(Exercise requirements)
Transcribe, with complete accuracy, all of the entries below except for the pictures.

----------------------------------------

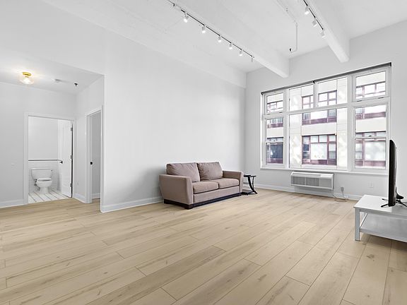 Featuring a remarkable open, flexible layout, and south facing, incredible all-day light, 14-foot ceilings, in amenity-laden community within the esteemed uptown Hoboken waterfront. The Hudson Tea Building's, Residence 8S is an exceptional 835 sq ft true one bedroom home that includes a 24-hour concierge, a free private shuttle with direct service to Hoboken Terminal (PATH, Ferry, NJ Transit, Light Rail), a block from the NJ Transit bus stop and just a four minute walk to the NY Waterway 14th Street Ferry that services both Midtown and Brookfield Place. This generously-sized open concept living and dining area is framed by a wall of oversized windows and hardwood floors. The kitchen boasts a full suite of stainless steel appliances for an immersive culinary experience. Residence 8S allows for uncompromised, easy living day-to-day and effortless entertaining insuring that you will enjoy a wonderful experience on the idyllic Hoboken waterfront. Enjoy the convenience of in-residence, recently updated washer/dryer as well as recently updated HVAC units. Secure garage parking included top floor, uncovered. Hudson Tea offers thick concrete between floors to ensure peace and quiet, privacy and prime insulation. In addition to a 24-hour concierge and a dedicated, skilled service staff, The Hudson Tea Buildings offer residents superlative amenities, including a recently renovated, fitness center featuring all new equipment, Peloton bikes, free classes, a children's playroom; renovated lobby and residents lounge, recently renovated hallways, an on-site dry cleaner; and Choc-O-Pain, the renowned French bakery and cafe. In close proximity to open green spaces, parks, Trader Joes, Whole Foods, Kings, restaurants, entertainment and more! Available 11/30/2022. No pets.
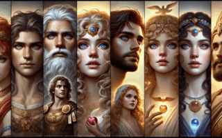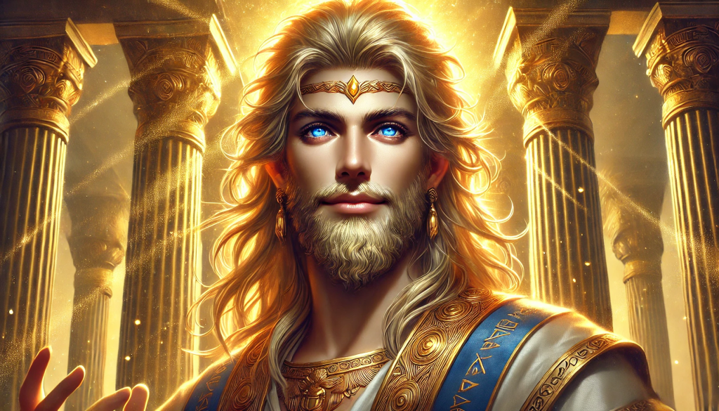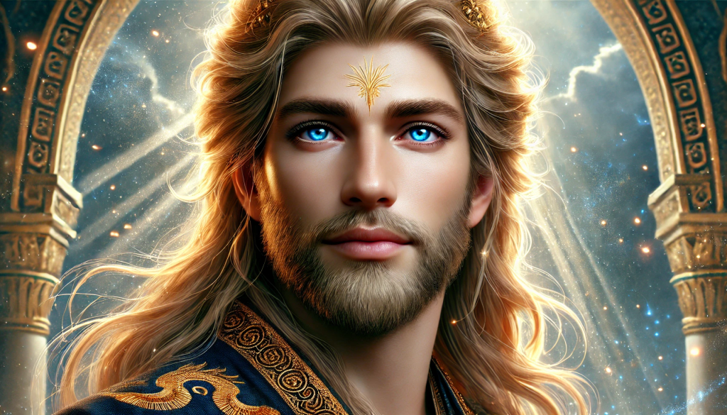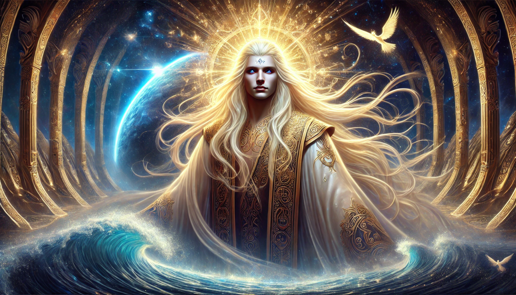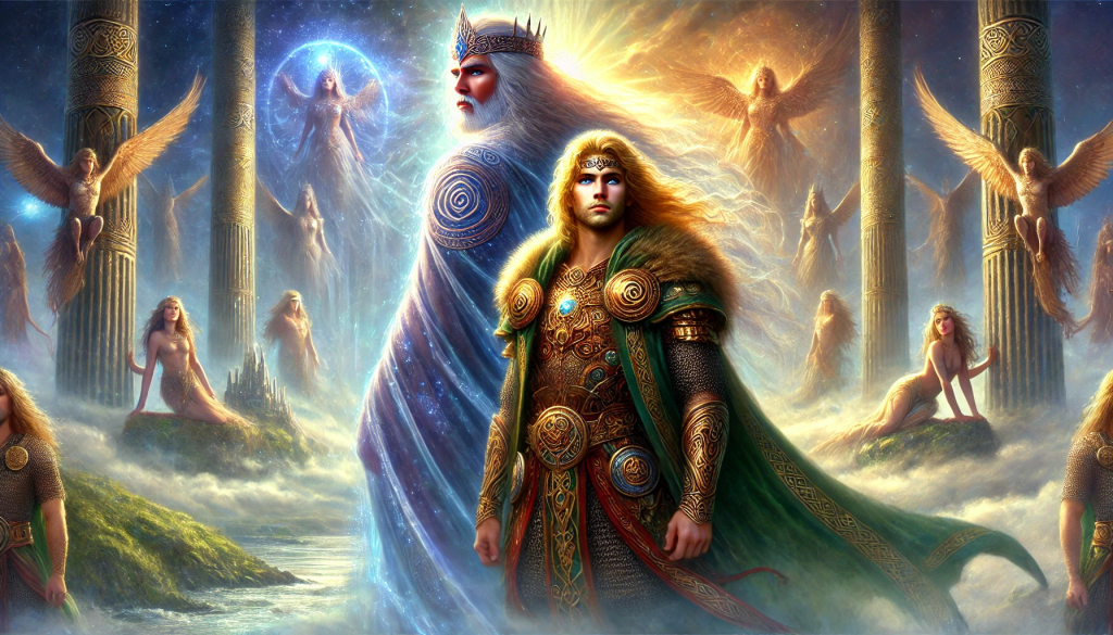 In a radiant, otherworldly realm, Fin stands illuminated by golden light, his flowing golden hair and piercing blue eyes reflecting his noble and semi-divine heritage. Around him, the Tuatha Dé Danann emerge from the mist, their luminous auras exuding wisdom and power. These ethereal beings, robed in celestial light, represent the divine lineage transcending history and time.
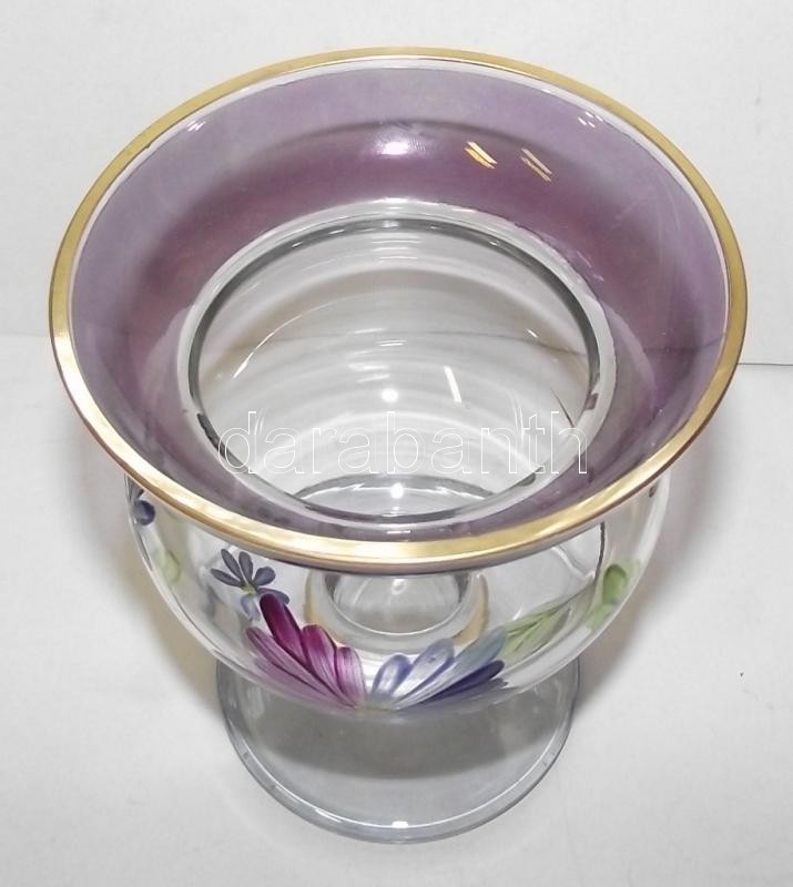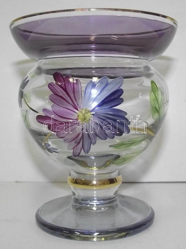 Beschreibung: Kézzel festett szakított üveg vázácska 12cm magas
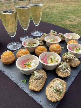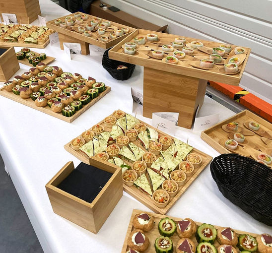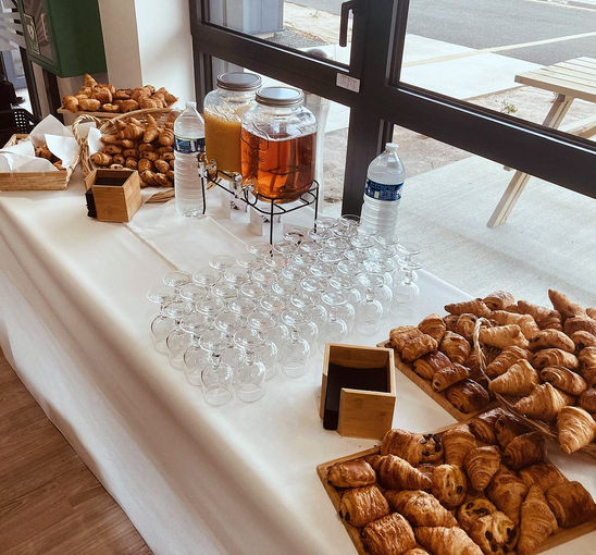 Pour cette occasion, nous avons préparé un cocktail déjeunatoire composé d’un assortiment de bouchées variées, idéal pour un moment de partage et de convivialité.
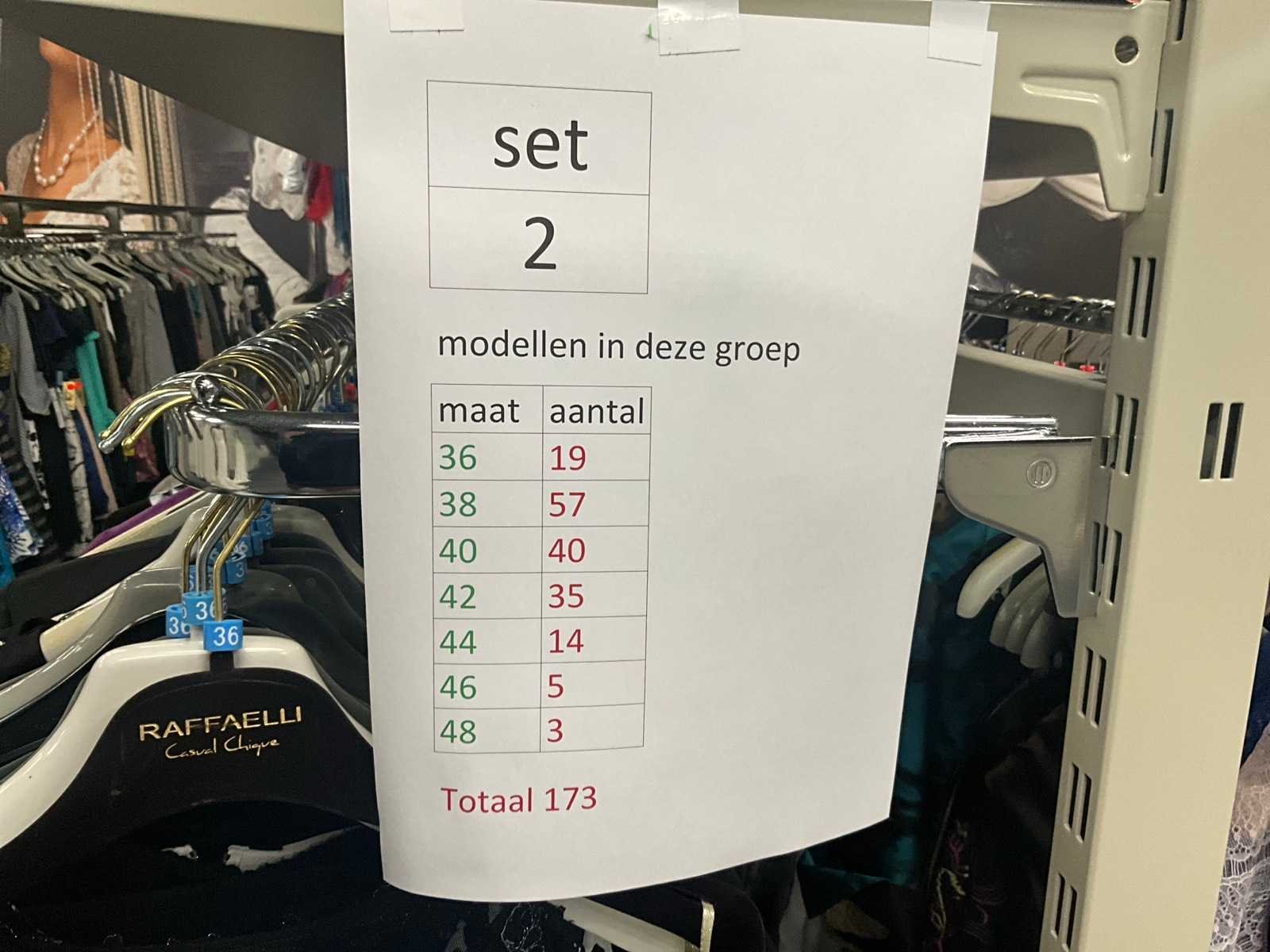 In diverse maten vanaf maat 36 tot 48, verdeling : zie blad qua aantallen per maat. Waaronder bijna hoofdzakelijk LINEA RAFFAELLI.
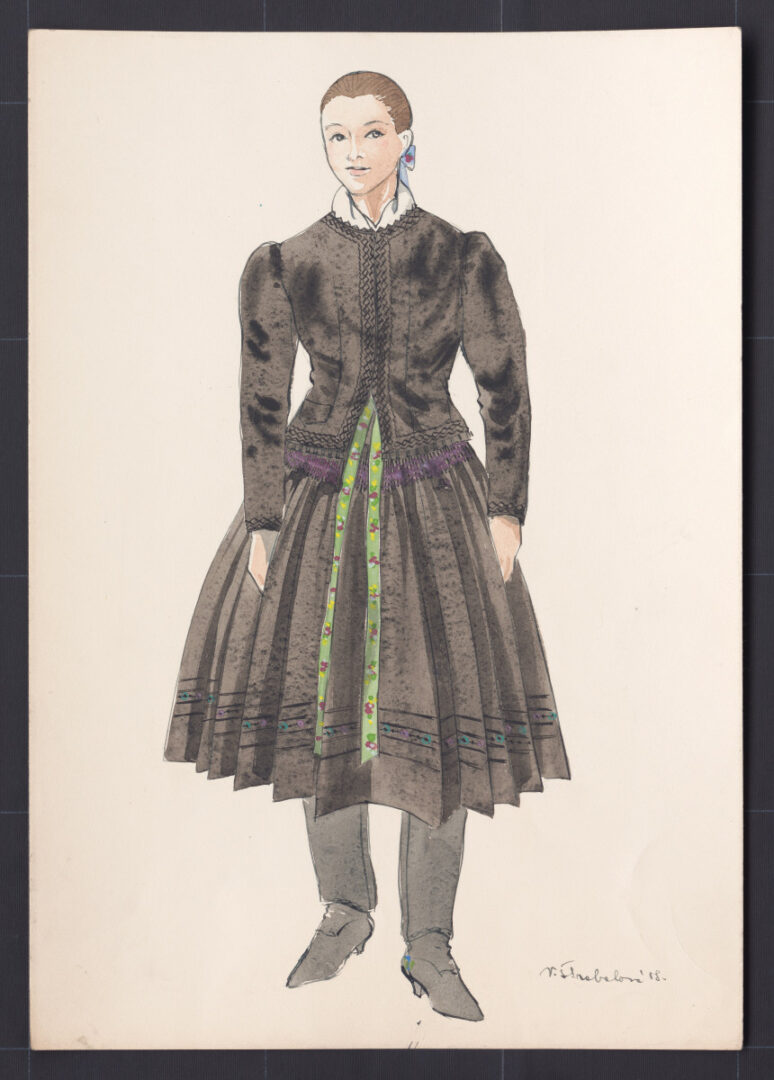 Súbor kresieb, ktoré sa nachádzajú v zbierke Múzea ľudovej umeleckej výroby, obsahuje najmä návrhy ženských denných a spoločenských šiat, tiež blúz. Súčasťou návrhov sú stručné popisy udávajúce materiál, strih a výzdobu odevov. Na zhotovenie šiat boli navrhované prírodné tkaniny – bavlnené, ľanové i hodvábne materiály.
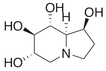 Castanospermine acts as an inhibitor of N-glycosylation, inhibiting O-GlcNAcase, resulting in immunosuppressive, anti-inflammatory, and antiviral activities. In leukocytes and endothelial cells, castanospermine decreases expression of cellular adhesion molecules ICAM-1, ICAM-2, L-selectin, LFA-1α, VLA-4, Mac-1, and CR4. Castanospermine inhibits metastasis of melanoma cells through a mechanism that involved initial tumor cell arrest. In other cellular models, castanospermine increases secretion of misfolded secretory protein α1 antitrypsin Z. In animal models of arthritis, castanospermine decreases release of inflammatory markers into the synovium, preventing the development of arthritis when given as a pre-treatment and inhibiting disease progression when given after onset. Alteration of glycoprotein processing also inhibits viral replication of the Moloney murine leukemia virus.
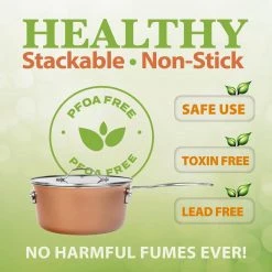 Revolutionize the way you cook and the way your kitchen cabinets look with Gotham Steel Stackable Space Saving cookware. Constructed with a triple coated cast-texture coating, this Gotham Steel Stackable is the perfect balance for ultra-nonstick and long-lasting durability. They can withstand metal utensils and are dishwasher safe for easy clean up. Gotham Steel Stackable cookware has a unique design that saves 30% more cabinet space; it allows the aluminum pans, pots and glass lids to nest together as a secure stack. This cookware set features popular pots and pans needed for everyday cooking, baking, and even roasting.
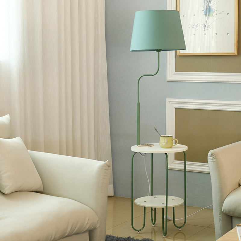 Modernist Drum Standing Fabric Floor Light With Tray - 1 Living Room Lighting Green / A
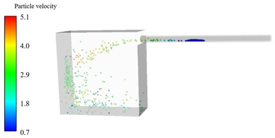 After connecting EDEM and Fluent, simulations were conducted according to the parameters in Table 3. The airflow velocity required to collect 30% of the particle mass within 1 s was defined as the picking speed. During the simulation, gas was introduced into the pipe, gradually picking up particle 4 and causing it to flow along with the gas, as shown in Figure 9. The movement of particles within the pipeline and collection device is depicted in Figure 10, where particles are seen moving in a cluster-like manner with the airflow.
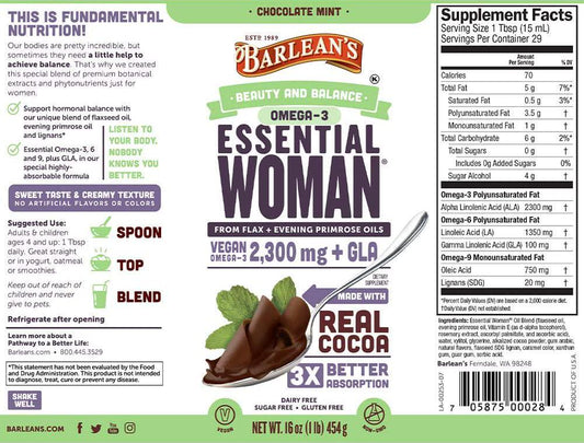 Barlean's Essential Woman Chocolate Mint Blend from Flax Oil with Omegas 3, 6 and 9 and GLA - Vegan, Non-GMO, Gluten Free - 16-Ounces

----------------------------------------

(Answer area)
 Featuring a remarkable open, flexible layout, and south facing, incredible all-day light, 14-foot ceilings, in amenity-laden community within the esteemed uptown Hoboken waterfront. The Hudson Tea Building's, Residence 8S is an exceptional 835 sq ft true one bedroom home that includes a 24-hour concierge, a free private shuttle with direct service to Hoboken Terminal (PATH, Ferry, NJ Transit, Light Rail), a block from the NJ Transit bus stop and just a four minute walk to the NY Waterway 14th Street Ferry that services both Midtown and Brookfield Place. This generously-sized open concept living and dining area is framed by a wall of oversized windows and hardwood floors. The kitchen boasts a full suite of stainless steel appliances for an immersive culinary experience. Residence 8S allows for uncompromised, easy living day-to-day and effortless entertaining insuring that you will enjoy a wonderful experience on the idyllic Hoboken waterfront. Enjoy the convenience of in-residence, recently updated washer/dryer as well as recently updated HVAC units. Secure garage parking included top floor, uncovered. Hudson Tea offers thick concrete between floors to ensure peace and quiet, privacy and prime insulation. In addition to a 24-hour concierge and a dedicated, skilled service staff, The Hudson Tea Buildings offer residents superlative amenities, including a recently renovated, fitness center featuring all new equipment, Peloton bikes, free classes, a children's playroom; renovated lobby and residents lounge, recently renovated hallways, an on-site dry cleaner; and Choc-O-Pain, the renowned French bakery and cafe. In close proximity to open green spaces, parks, Trader Joes, Whole Foods, Kings, restaurants, entertainment and more! Available 11/30/2022. No pets.
 In a radiant, otherworldly realm, Fin stands illuminated by golden light, his flowing golden hair and piercing blue eyes reflecting his noble and semi-divine heritage. Around him, the Tuatha Dé Danann emerge from the mist, their luminous auras exuding wisdom and power. These ethereal beings, robed in celestial light, represent the divine lineage transcending history and time.
 Beschreibung: Kézzel festett szakított üveg vázácska 12cm magas
 Pour cette occasion, nous avons préparé un cocktail déjeunatoire composé d’un assortiment de bouchées variées, idéal pour un moment de partage et de convivialité.
 In diverse maten vanaf maat 36 tot 48, verdeling : zie blad qua aantallen per maat. Waaronder bijna hoofdzakelijk LINEA RAFFAELLI.
 Súbor kresieb, ktoré sa nachádzajú v zbierke Múzea ľudovej umeleckej výroby, obsahuje najmä návrhy ženských denných a spoločenských šiat, tiež blúz. Súčasťou návrhov sú stručné popisy udávajúce materiál, strih a výzdobu odevov. Na zhotovenie šiat boli navrhované prírodné tkaniny – bavlnené, ľanové i hodvábne materiály.
 Castanospermine acts as an inhibitor of N-glycosylation, inhibiting O-GlcNAcase, resulting in immunosuppressive, anti-inflammatory, and antiviral activities. In leukocytes and endothelial cells, castanospermine decreases expression of cellular adhesion molecules ICAM-1, ICAM-2, L-selectin, LFA-1α, VLA-4, Mac-1, and CR4. Castanospermine inhibits metastasis of melanoma cells through a mechanism that involved initial tumor cell arrest. In other cellular models, castanospermine increases secretion of misfolded secretory protein α1 antitrypsin Z. In animal models of arthritis, castanospermine decreases release of inflammatory markers into the synovium, preventing the development of arthritis when given as a pre-treatment and inhibiting disease progression when given after onset. Alteration of glycoprotein processing also inhibits viral replication of the Moloney murine leukemia virus.
 Revolutionize the way you cook and the way your kitchen cabinets look with Gotham Steel Stackable Space Saving cookware. Constructed with a triple coated cast-texture coating, this Gotham Steel Stackable is the perfect balance for ultra-nonstick and long-lasting durability. They can withstand metal utensils and are dishwasher safe for easy clean up. Gotham Steel Stackable cookware has a unique design that saves 30% more cabinet space; it allows the aluminum pans, pots and glass lids to nest together as a secure stack. This cookware set features popular pots and pans needed for everyday cooking, baking, and even roasting.
 Modernist Drum Standing Fabric Floor Light With Tray - 1 Living Room Lighting Green / A
 After connecting EDEM and Fluent, simulations were conducted according to the parameters in Table 3. The airflow velocity required to collect 30% of the particle mass within 1 s was defined as the picking speed. During the simulation, gas was introduced into the pipe, gradually picking up particle 4 and causing it to flow along with the gas, as shown in Figure 9. The movement of particles within the pipeline and collection device is depicted in Figure 10, where particles are seen moving in a cluster-like manner with the airflow.
 Barlean's Essential Woman Chocolate Mint Blend from Flax Oil with Omegas 3, 6 and 9 and GLA - Vegan, Non-GMO, Gluten Free - 16-Ounces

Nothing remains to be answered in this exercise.